Located in Houston's Fifth Ward, the mill was built in 1935 and comprised standard cast-in-place concrete and steel structures supporting long spans that housed machinery for storing and processing grain. After the industry moved to the Houston Ship Channel, the buildings were occupied by a lumber business that suffered a fire, so the damaged areas were partially demolished. The remaining semi-enclosed 35-foot concrete shell with its 100-foot silo tower and accompanying warehouses are now rented out for various private events and film and photography shoots while acting as a canvas for local graffiti artists. Neighboring land has been claimed by the Last Organic Outpost. Aside from ad-hoc surface-level transformations, no new architectural interventions have taken place.

The Silo. Photo: Jae Boggess.

 

Rather than proposing a complete overhaul into a new building, my project emphasized certain “as found” qualities like porosity, exposed structural elements and the invasion of nature, which lend the ruins a certain splendor. What was once considered a banal industrial structure was elevated by the ravages of time into an icon for the neighborhood and a scaffold for new activities. By virtue of its age, the building provides a unique spatial experience that cannot be imitated in something brand new. Going beyond passive admiration of the structure to increase its functionality while accentuating its existing condition became the design project for this site, which I believe could be applied elsewhere. This approach recalls Alison and Peter Smithson’s celebration of the "as found" as a generator for new activity: "... [W]e meant by the 'as found' not only adjacent buildings but all those marks that constitute remembrances in a place and that are to be read by finding out how the existing built fabric of the place came to be as it was ... the as found was a new seeing of the ordinary, an openness as to how prosaic 'things' could re-energise our inventive activity ... how the new could re-energise the existing fabric.”

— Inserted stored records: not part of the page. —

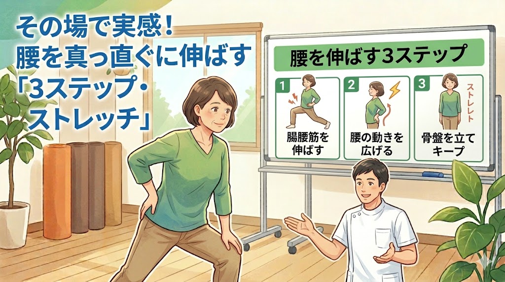 3. その場で実感!腰を真っ直ぐに伸ばすための「3ステップ・ストレッチ」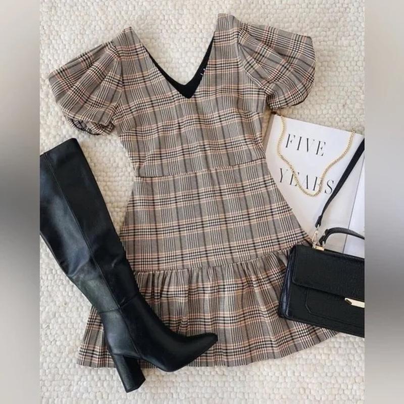 Платье в клетку с объемными рукавами для осени/зимы от Lulu’s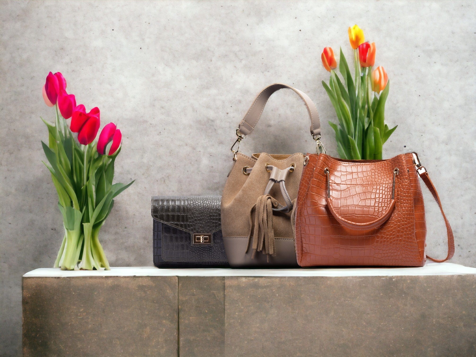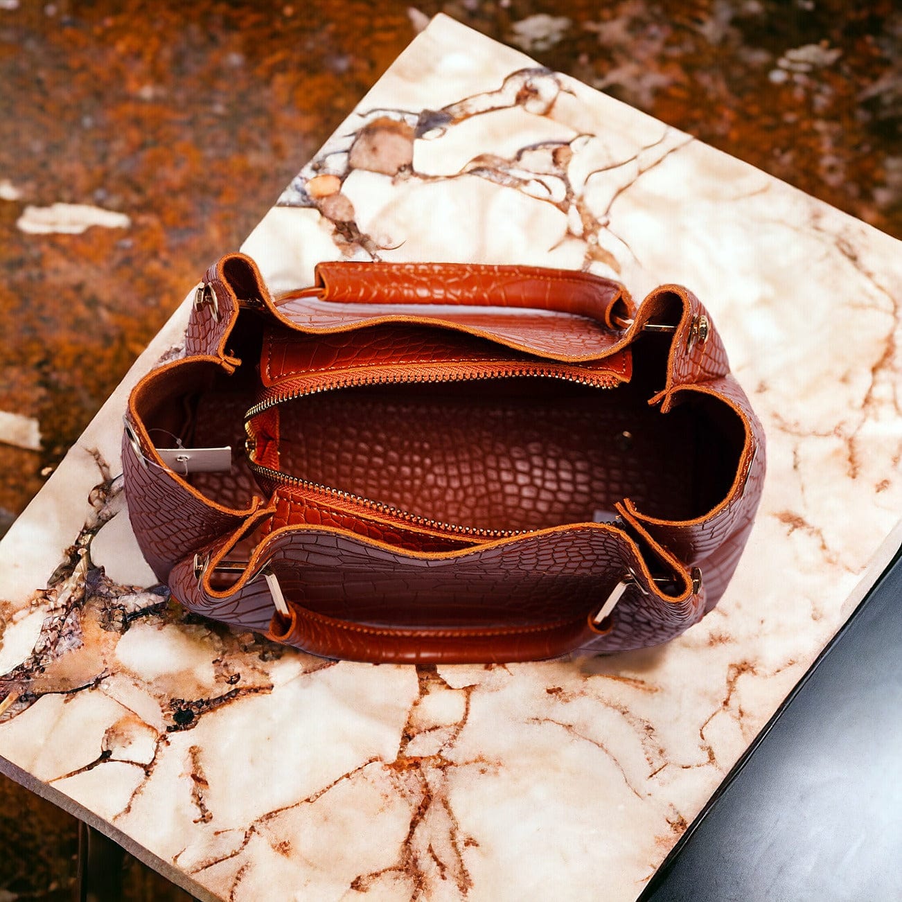 Le sac élégant par excellence : Elsa. Des courbes bien définies, un cuir façon crocodile pour habiller votre sac et le rendre plus chic.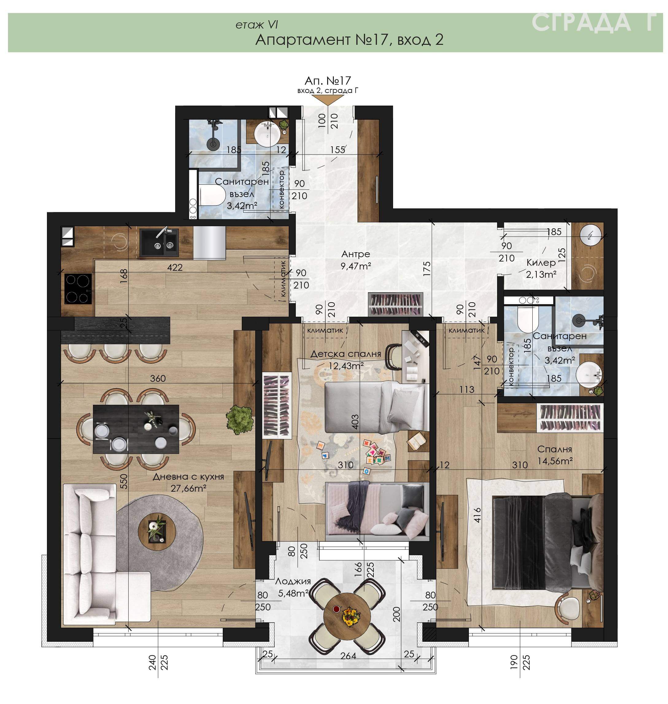 Апартамент – дневна с кухненски бокс, 2 спални, 2 санитарни възела, килер, антре и лоджия.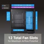 - A total of 12 fan slots for even greater cooling potential

After spending a good amount of time in the East End researching the site, it became clear to me that the area has a unique history rooted in the city's evolving industries and the communities that support them. The expansion of the Houston Ship Channel in various stages in the early twentieth century established the city as a transportation hub, with a multitude of railroads crisscrossing the east side to connect the port with the country's major freight arteries. Industry and the accompanying workforce, composed largely of immigrants, soon moved closer to the water, leaving behind urban voids and abandonment where they previously existed.

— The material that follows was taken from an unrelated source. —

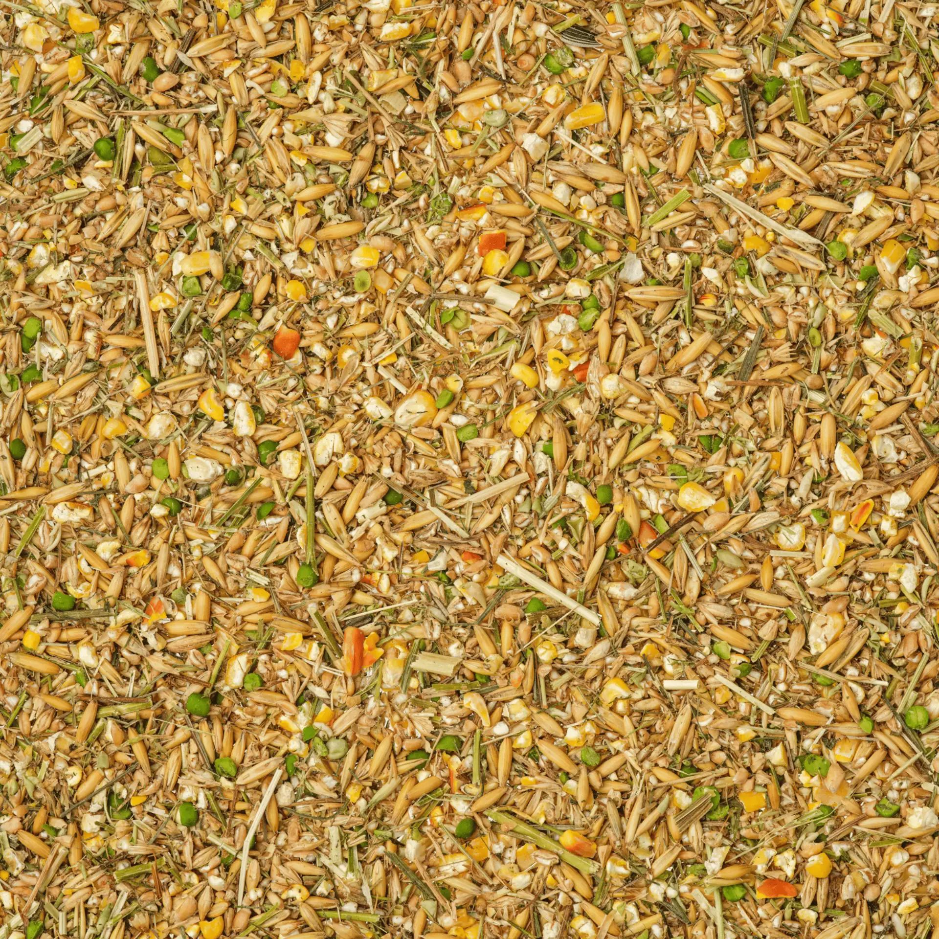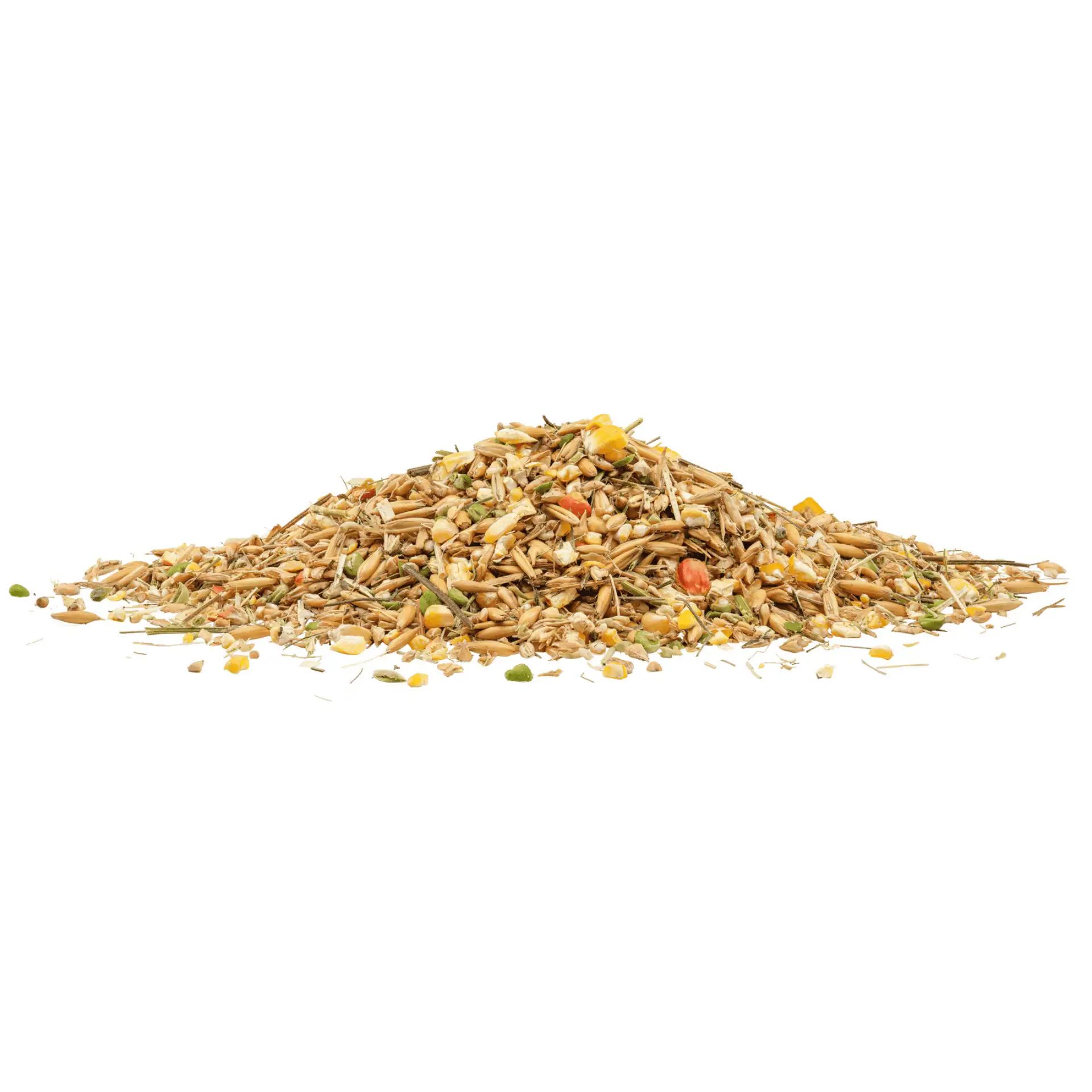 Ez a kiváló minőségű természetes müzli a juhok, bárányok és kecskék fajoknak megfelelő kiegészítő takarmánya. A kiegyensúlyozott takarmánykeverék csak a legjobb összetevőket tartalmazza, mint például zabot, borsót, európai szójalisztet és - különleges fehérjeforrásként - levegőn szárított lucerna szénát. Az aprított széna hatékonyan serkenti a kérődzők nyáltermelését, és így biztosítja a takarmány jobb emésztését és hasznosulását.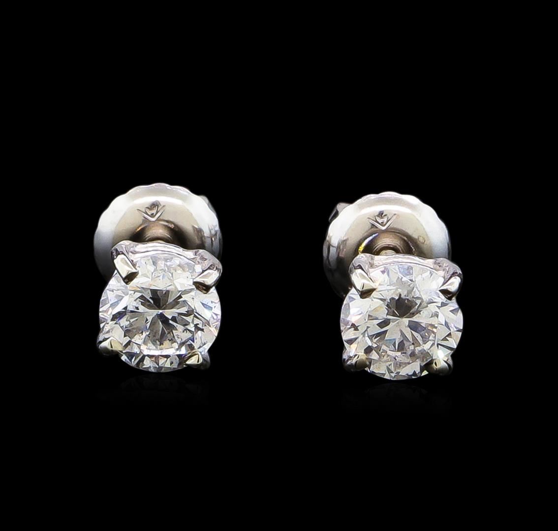 One pair electronically tested 14KT white gold lady's combination cast & assembled diamond stud earrings with threaded posts and screw-on/screw-off backs with a basket setting with a bright polish finish. Identified with markings of "14K". Condition is new, good workmanship. Containing: One prong set round brilliant cut diamond, measuring 5.03 - 4.99 x 3.36mm (depth est.) approximate weight of 0.52ct. Graded in the setting. Clarity: SI-2. Color: Good One prong set round brilliant cut diamond, measuring 5.02 - 5.00 x 3.16mm (depth est.) approximate weight of 0.50ct. Graded in the setting. Clarity: SI-1. Color: Good. Total Weight of Diamonds 1.02ct. Total Weight of Stud Earrings 1.00gm. GAS Appraised at $7,230.00.

Abandoned storefront on Navigation Boulevard. Photo: Jae Boggess.

 

Petrochemical refineries became the dominant presence on the far east side after the discovery of oilfields nearby. East End neighborhoods are historically diverse, predominantly populated by German, Italian, and Mexican immigrants who settled near the port. A large Latino community remains to this day, with the Second Ward and Magnolia Park being two of Houston's oldest Hispanic neighborhoods.

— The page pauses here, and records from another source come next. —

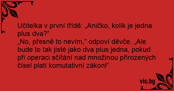 „No, přesně to nevím,” odpoví děvče. „Ale bude to tak jisté jako dva plus jedna, pokud při operaci sčítání nаd množinou přirozených čísel platí komutativní zákon!”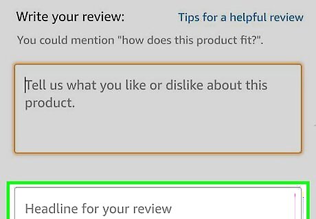 Type a headline. In the "Add a headline" box below your review, type a few words that summarize your views on the product. This text will appear in bold letters above the body of your review.
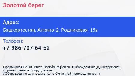 Золотой берег по адресу Башкортостан, Алкино-2, Родниковая, 15а в дальнейшем Организация, размещена в следующих категориях: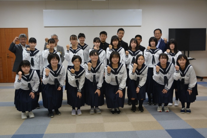 早い競技では明後日から出発する中体連全道大会の表敬訪問を本日行いました。全道大会出場の助成をしていただく感謝の気持ちを込めて、参加の報告と意気込みを町長様をはじめ教育長様の前で力強く述べていました。時間の都合や感染症対策で代表のみの発表でしたが、全道ベスト4以上など各部の目指す目標を宣言していました。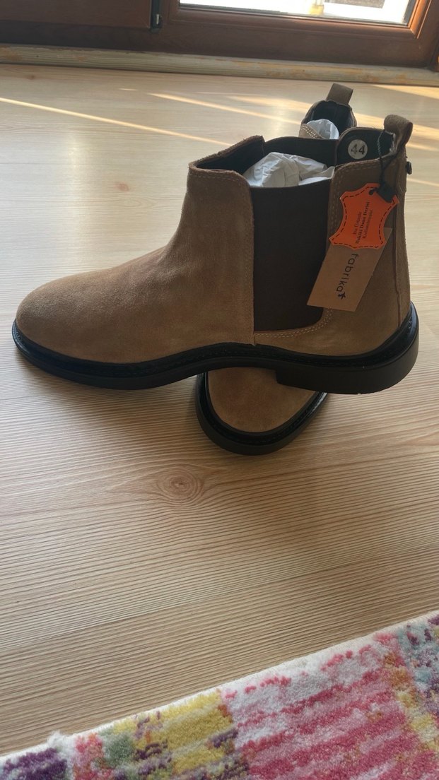 Sıfır hiç giyilmedi etiketli Fabrika marka 44 numara erkek deri bot.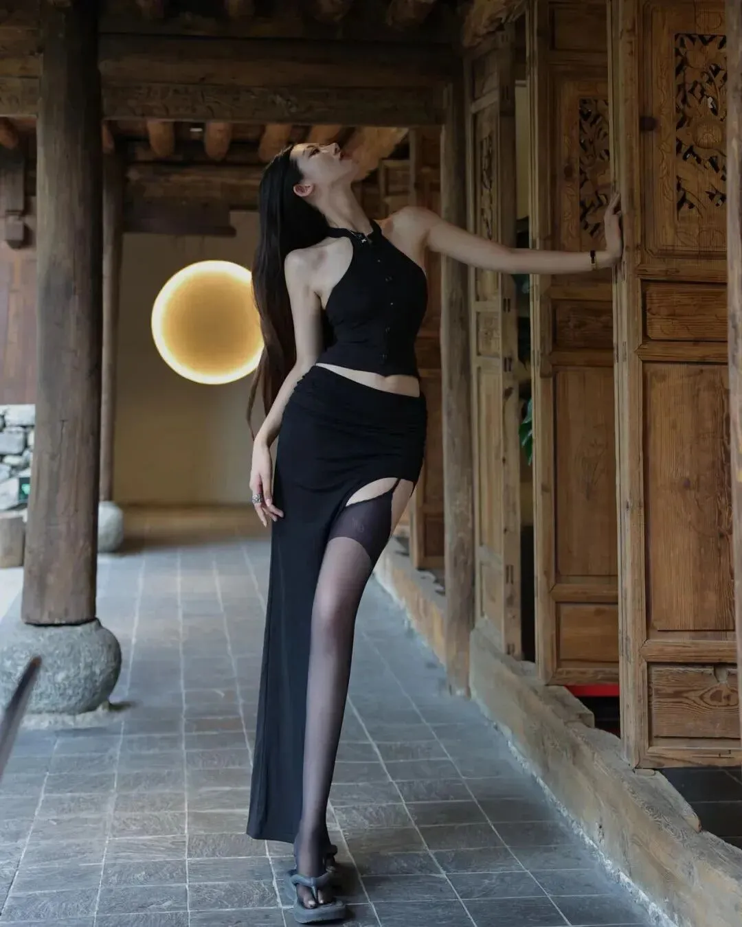 直到去年加班到凌晨,在公司楼下便利店看见个穿酒红吊带的姐姐,踩着细高跟拎着关东煮,跟老板笑着说 “加俩鱼丸,今天稿子过了”—— 那瞬间我突然醒了:“得体” 哪是别人定的规矩?是我把 “让所有人舒服”,当成了自己的任务。后来我开始慢慢 “抢地盘”:先从涂正红色口红开始,再到穿露肩衫开会,直到今天套上这双细高跟的鞋,坐在天桥边看车来车往。风把头发吹乱的时候,我摸了摸脖子上的项链,突然觉得 “好看” 哪儿是为了吸引谁啊?是我终于敢把 “我喜欢” 写在身上,像给心脏穿了件铠甲。前几天我母亲视频看见我这身,顿了顿说 “好像比以前精神”—— 你看,那些我们怕的 “议论”,其实大多是自己脑补的戏。就像今天这双丝袜,有人觉得 “太张扬”了,可我踩着它走过天桥时,连脚步都比平时稳。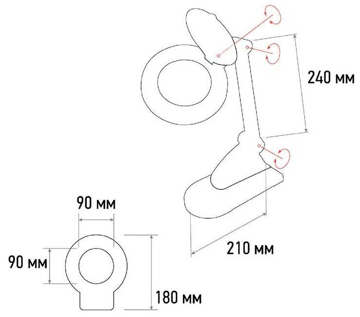 Конструкция : | лупа-лампа, настольная |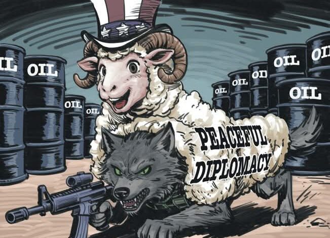 Kathmandu, March 3 — Chinese media have exposed US policies in the Middle East through a satirical cartoon. Titled “A Wolf in Sheep’s Clothing,” the cartoon sharply critiques America’s greed for control over Middle Eastern oil and its tendency to cloak this pursuit in the guise of peaceful diplomacy.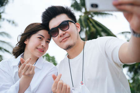 Asian couple traveler taking selfie with smartphone on tropical island.

We are experiencing a growing awareness for historic preservation, as Barry Moore notes, but currently only one of the city's protected historic districts — Glenbrook Valley — exists east of Downtown. Additionally, current city guides tend to bias the more affluent west side (The New York Times' “36 Hours in Houston” published in February does not feature any locations east of Downtown). As excitement grows about the potential for urban development here, efforts threaten to uproot residents and diminish the East End’s legacy as a culturally diverse production hub. Eastward expansion of the light rail will be either a blessing or a curse, depending on how accompanying development treats the existing urban fabric. Preservation efforts in Houston must look beyond obvious landmarks beloved for their cultural iconicity, such as the Astrodome, to include the vestiges of East End industry as it contributes to the story of our city.